È una giornata molto importante per il nostro Paese, oltre per chi – come molti avvocati e magistrati che nel 1992 studiavano e si formavano – visse quel giorno tragico, il 23 maggio di trent’anni fa, prepotentemente destinato a condizionare scelte e percorsi di tantissimi di noi.
Per chi poi, come me, sostenne quell’anno gli scritti del concorso in magistratura, quel giorno resterà indelebile: il 22 maggio avevamo consegnato l’ultima prova scritta e della Commissione di concorso faceva parte Francesca Morvillo, che il giorno dopo avrebbe perso la vita a Capaci con Giovanni Falcone.
È doveroso tributare un ricordo a chi ha consacrato la propria vita alla difesa di uno dei più alti valori democratici, quello di legalità. Nella strage di Capaci non vennero solo uccisi dalla mafia cinque difensori dello Stato (i due magistrati ma anche gli agenti Vito Schifani, Rocco Dicillo e Antonio Montinaro) ma fu sferrato un inaudito attacco ai valori di inflessibilità morale, spirito di servizio e determinazione rimasti solidamente inculcati in molti giovani di allora.
Valori che devono continuare ad orientare l’approccio di chi vive nelle istituzioni ma anche di chi esercita le professioni giuridiche. Di queste sono destinate infatti a cambiare anche radicalmente, per effetto delle trasformazioni economiche e sociali in rapida accelerazione, gli ambiti di interesse e le modalità di esercizio ma non i valori e i principi di fondo.
Lo scenario in cui queste trasformazioni stanno avvenendo, e a cui il PNRR darà una spinta propulsiva, è stato particolarmente difficile. La pandemia, da cui il Paese sta uscendo, ha rappresentato non solo un momento difficile e tragico per cittadini e imprese, ma anche un eccezionale fattore di velocizzazione di fenomeni già in atto: la crescita del commercio elettronico, l’aumento esponenziale della digitalizzazione delle imprese, il profondo rinnovamento del mercato del lavoro. Serviranno al riguardo nuove professionalità, sia nel settore pubblico, sia in quello privato: dagli esperti in analisi di dati a quelli di cybersicurezza, dagli ingegneri ambientali ai “giuristi 4.0”, esperti di diritto nei settori tecnologici, digitali, energetici e “green”.
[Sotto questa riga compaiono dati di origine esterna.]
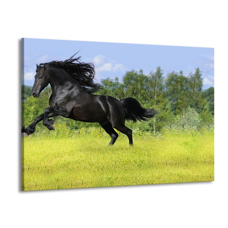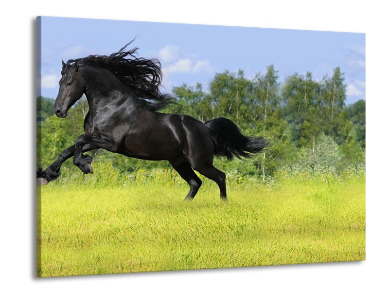 Glasschilderij Paard, Dieren | Zwart, Groen | 100x70cm 1Luik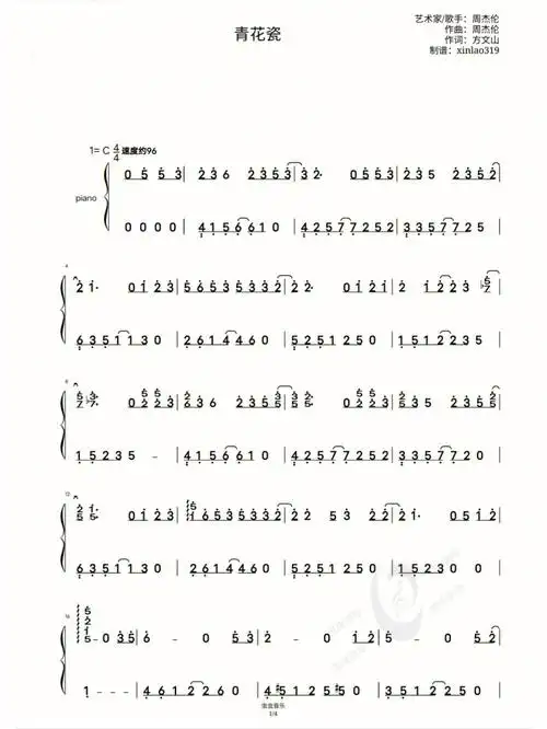 青花瓷 钢琴谱 双手简谱 电子版 独奏 周杰伦 c调 数字谱 附音频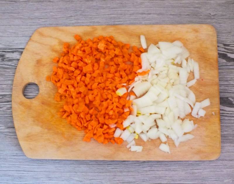 Подготовьте овощи. Морковь и лук нарежьте мелкими кубиками.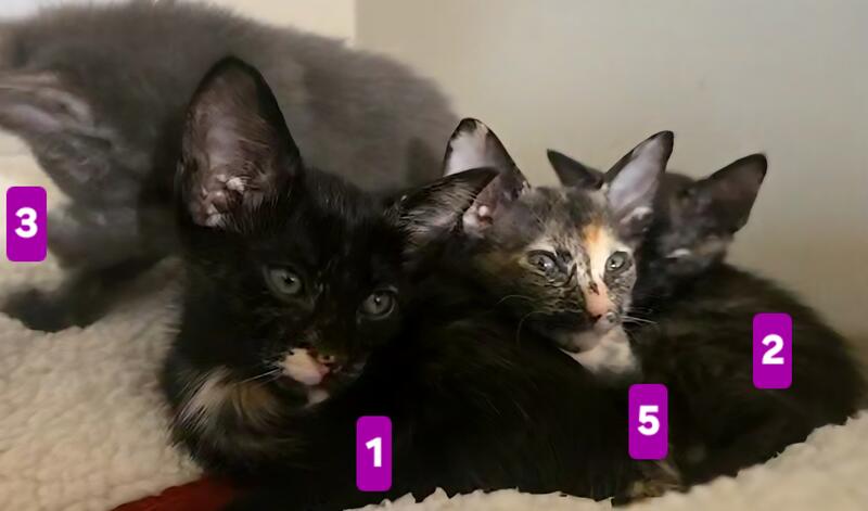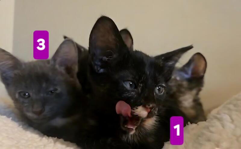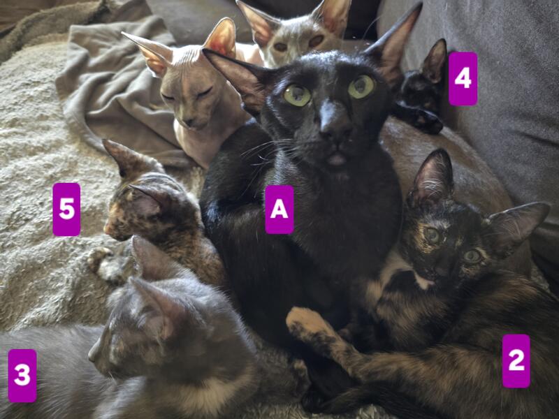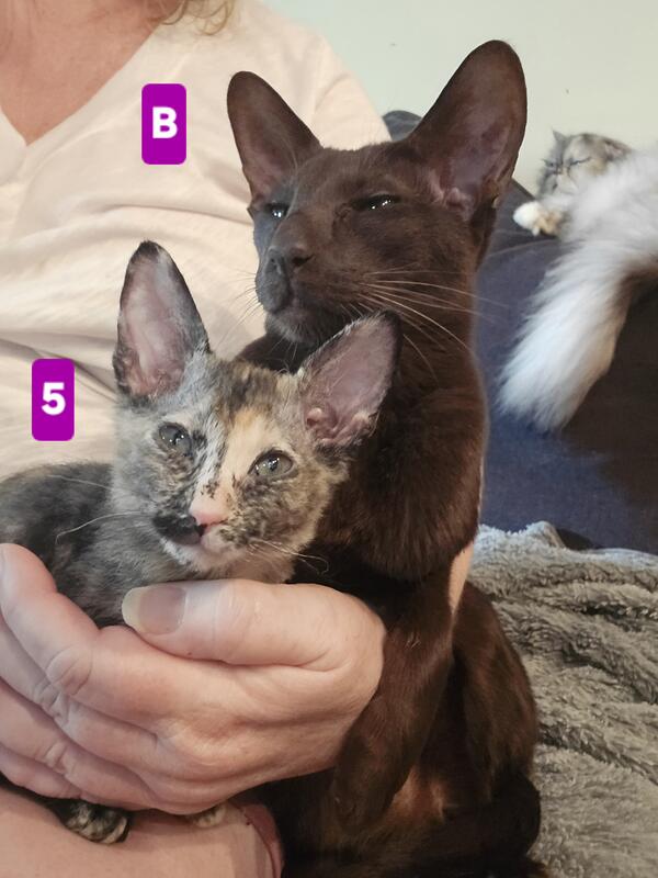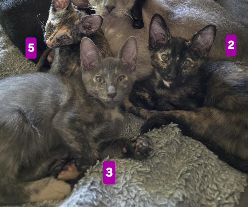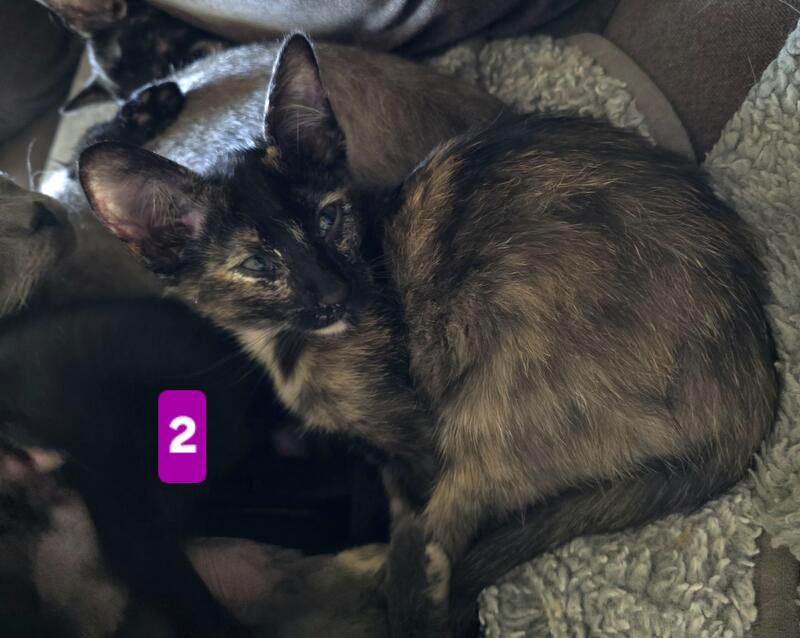 message magicpaws about this ad These gorgeous babies definitely take after their Peterbald mom! Pointy faces, larger ears, sleek bodies but more than that, they have Peterbald personality! Like other full-coated Peterbalds, you'll have an easy to manage coat. (My bald Peterbalds need baths! The other coats are much easier to me, personally Enjoy the loving companionship of a Peterbald without the price of full-bred. Please apply after you have done your reading/research on the Peterbald breed, thank you - these kittens have been loved since before birth so great homes only need apply Four torties are all females, of course. One solid black male available! 1) Dot. She has a gorgeous white/beige "beauty mark" on her chin like a glamour star. Her tummy, which you will see often for belly rubs, is gorgeous! Sleek coat. $450 2) Copper. The white rings around her eyes have given way to beige, giving her the best tortie look, like copper wiring throughout her silky coat! Absolute lap kittie! She loves tummy rubs and playing. $450 3) Misty. A gray and peach tortie that reminds one of a beachy sky. She has one of our favorite traits - a special cream colored "Magic Paw Full of love, full of tummy rubs, the quietest most gentle of the group from the very start. $450 4) Big Boy. SO SLEEK! Why is he so big Big body, big brain, big heart, and big personality! Glasslike coat, bold, and so loving! $450. Sold pending deposit. 5) Sweet Pea. MICRO kitty, flock coat, full Peterbald in every way. The only way to know she isn't would be a DNA test. She has the most full-body tortie coloring and a stripey face. $2200. Sold pending deposit. Also in photos, mother (A grandmother (B) grandfather (fully bald (C and dad, (D) medium hair Orange Tabby (his undecsended testicles fooled us, so the young gentleman, who is now ours also, helped create these beauties. His personality is incredibly loving, smart, and full lap-cat, so though not full-bred, you are getting wonderful kittens message magicpaws about this ad |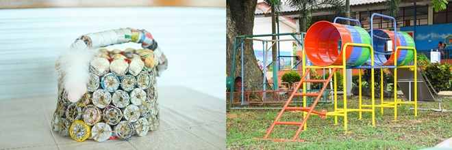 ความร่วมมือกับคณะพาณิชยนาวีนานาชาติ มหาวิทยาลัยเกษตรศาสตร์ วิทยาเขตศรีราชา ในครั้งนี้ ทำให้เกิดงานสร้างสรรค์สิ่งประดิษฐ์และงานฝีมือมากกว่า 50 ชิ้น โดยทั้งหมดทำมาจากวัสดุเหลือใช้ชนิดต่าง ๆ ได้แก่ พลาสติก กระดาษ แก้ว โลหะ ไม้ ยาง เสื้อผ้า และวัสดุอื่น ๆ ที่มาจากการรวบรวมภายในพื้นที่ปฏิบัติงานของ HPT และมหาวิทยาลัยเกษตรศาสตร์ฯ รวมทั้งชุมชนละแวกใกล้เคียง และพันธมิตรทางธุรกิจ เมื่อขยะได้ถูกรวบรวมมาเรียบร้อย จะถูกนำไปคัดแยก ณ สำนักงานของ HPT มหาวิทยาลัยเกษตรศาสตร์ฯ และสถานที่ซึ่งรองรับการคัดแยกขยะที่โครงการกำหนดไว้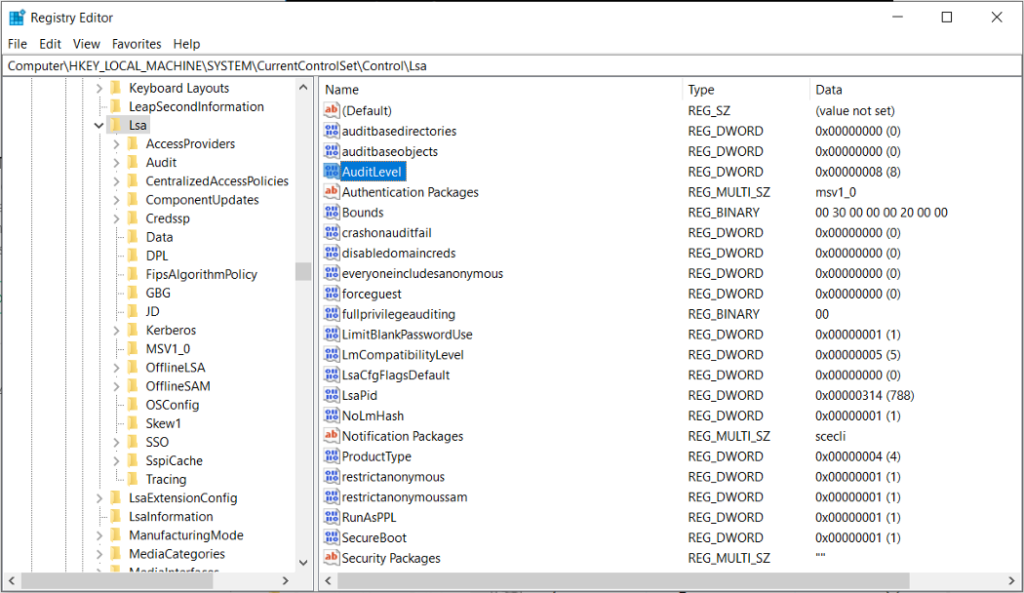 Chave de registro: [HKEY_LOCAL_MACHINE\SYSTEM\CurrentControlSet\Control\LSA]

In questo contesto, il PNRR è stato concepito per consentire l’uscita dalla crisi, accompagnando il Paese in un sentiero di profonda trasformazione tecnologica, ambientale, sociale ed economica. La vicenda ucraina rischia però di produrre un rallentamento, secondo alcuni impone un ripensamento del PNRR.
Non vi è dubbio che l’inflazione – in forte crescita – stia già esercitando una notevole pressione sui prezzi al consumo.
Il decreto-legge “aiuti” n. 50 del 17 maggio 2022 ha destinato 14 miliardi per mitigare gli effetti sociali della crisi, rispondere alle esigenze delle imprese più colpite, fronteggiare l’eccezionale rincaro dei materiali da costruzione.
L’invasione russa dell’Ucraina ha cambiato infatti in modo radicale lo scenario complessivo, non solo geopolitico, ma anche quello delle prospettive economiche e sociali. Si era di fronte ad una crescita forte dell’economia globale mentre siamo oggi al cospetto di una frenata.
In questo scenario, proprio il PNRR costituisce l’antidoto a rischi recessivi, lo strumento “strutturale” per ribilanciare gli effetti della crisi che stiamo vivendo e per consentire di resistere più efficacemente in futuro ad altre crisi che dovessero presentarsi.
Il Piano interverrà per riformare gli appalti e per introdurre finalmente un sistema di qualificazione delle stazioni appaltanti entro marzo 2023; definirà importanti misure per promuovere gare e concorrenza nei servizi pubblici e in diversi settori del nostro sistema economico entro dicembre 2022; contribuirà a ridurre i tempi della giustizia che scoraggiano gli investimenti.
La crescita dell’economia italiana – seppur rivista al ribasso a causa delle complesse vicende internazionali – presuppone che il piano delle riforme e degli investimenti sia pienamente attuato.
È per questo che il Governo avverte la forte responsabilità di evitare passi falsi, battute d’arresto, distrazioni.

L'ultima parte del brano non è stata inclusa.